It is amazing how two different worlds can collide. We have been preparing material for an upcoming translation check and we have been working through the book of Mark. As we worked on chapter 14 we came to the section where Jesus and his disciples are in the garden of Gethsemane and Judas Iscariot leads a mob out to find and arrest Jesus. Verse 48 says: “Then Jesus answered and said to them, ‘Have you come out, as against a robber, with swords and clubs to take me’?”
We discussed the meaning of the term “robber” trying to find a Mwinika term that covered the idea of “revolutionary” or “dangerous criminal.” The term needed to carry the idea that the person the mob was searching for was dangerous enough to warrant the heavily armed multitude.
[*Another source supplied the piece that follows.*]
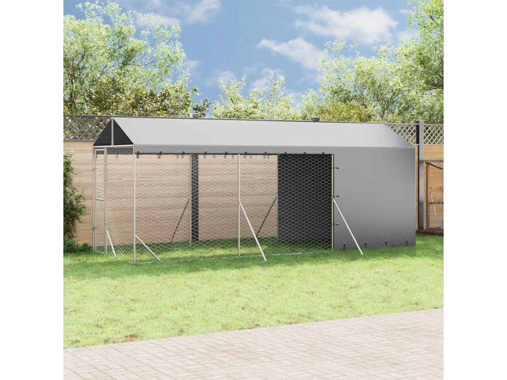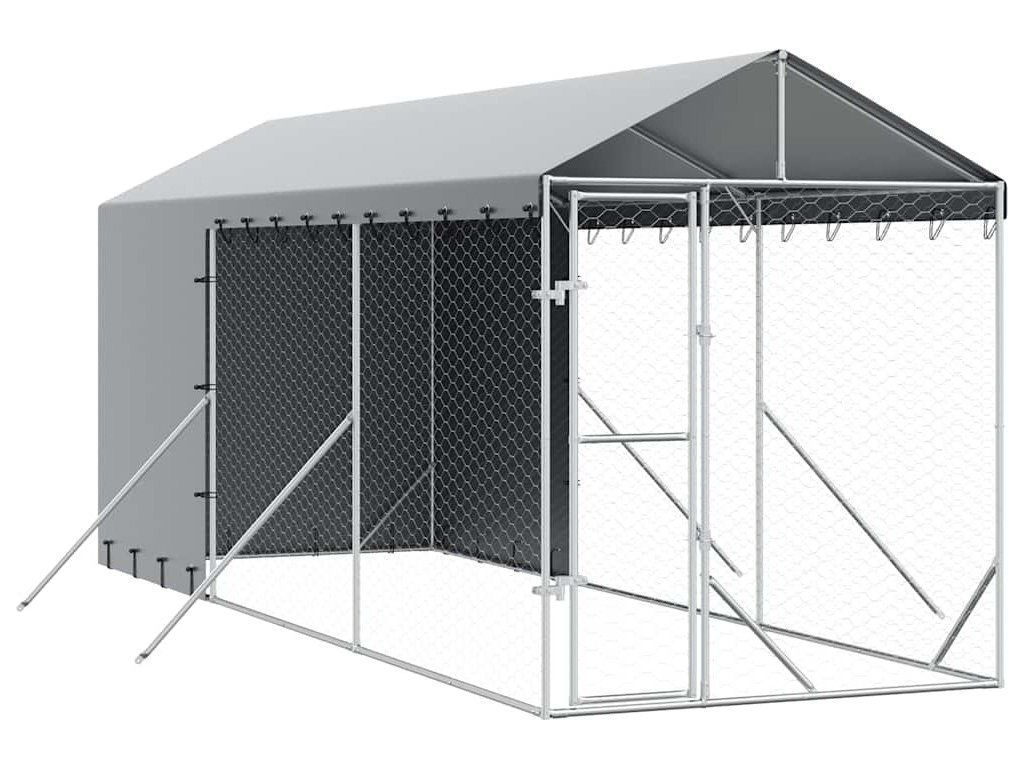 Venkovní psí kotec se střechou stříbrný 2 x 6 x 2,5 m ocel [3190491]

One of the most common local terms for this sort of criminal is “ninja”. Apparently they have watched enough martial arts films to associate the term ninja with groups of people who break into houses at night and are known to kill people. Over time the term has become mainstream and it is now a common Mwinika way of describing that class of criminal. Any time someone has a relative or a friend who is mugged or robbed it is always attributed to the “ma-ninja”. So my translation helpers were sure we should translate this passage to say “have you come out against me with swords and clubs because I am such a dangerous ninja?”
I had to chuckle to myself. Somehow the idea of Jesus being a dangerous ninja had never suggested itself in my mind. I had the funny feeling that two worlds were colliding, or maybe even three worlds. I ended up asking my language helpers if they had another term for dangerous criminals that wasn’t borrowed from martial arts films. They did, and we used it, but not before I had my little laugh.